1. **Primary *.edu* sources only**  
   • Review the Admissions and Program URLs supplied.  
   • You may open any additional pages under the same university’s *.edu* domain (e.g., “Application Instructions”, “FAQ”, “Graduate Admissions Policies”).  
   ⛔  Ignore non-*.edu* sites, rankings, blogs, or forums.

2. **Optional Google search**  
   Query once:  
   "{university} {degree} {program} multiple applications same school department limit site:.edu"  
   Check *.edu* results only until you find an authoritative statement.

3. **Decision rules**  
   • If a page clearly states a **limit** (e.g., “Applicants may apply to only one program per school” or “One application per academic year for MS or PhD in this department”) → quote that restriction in a **single concise sentence**.  
   • If the university sets a campus-wide cap (e.g., “You may submit up to two graduate applications total”) → state that rule.  
   • If no explicit constraint is found on an *.edu* page, output **No explicit constraints**.  
   • Never infer or invent.

────────────────────────────────────────────────────────
⚠️  Output format (exactly one line, no quotes, no extra text)  

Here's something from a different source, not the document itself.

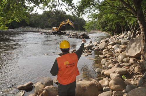 Los espolones de mitigación se construyen con piedras del mismo afluente, las que se levantan del lado izquierdo, por donde los expertos de la Secretaría de Obras y del Batallón de Ingenieros consideran que las corrientes de agua generan menos daños y que hace algún tiempo era el cauce natural de la afluente.

Examples of valid outputs:  
Only one application per department is allowed each year  
Applicants may submit a maximum of two graduate applications university-wide  
No explicit constraints  

────────────────────────────────────────────────────────
Pages to consult first:
• Admissions URL: {admissions_url}  
• Program URL:    {program_url}

Are there constraints on applying to multiple programs?
"""


In [3]:
semaphore = asyncio.Semaphore(5) 

async def process_row(row, prompt_template, num_vote, model_name):
    async with semaphore:
        row = row.to_dict()
        prompt = prompt_template.format(
            university     = row["大学英文名称"],
            degree         = row["学位"],
            program        = row["专业英文名称"],
            department     = row["所属院系"],
            admissions_url = row["招生网址"],
            program_url    = row["专业网址"],
        )
        record = row.copy()
        record["llm_reponses"] = {}

        # Launch all API calls in parallel for this row
        tasks = [
            async_call_gemini(prompt, model_name=model_name, use_search=True, url_context=True)
            for _ in range(num_vote)
        ]
        responses = await asyncio.gather(*tasks)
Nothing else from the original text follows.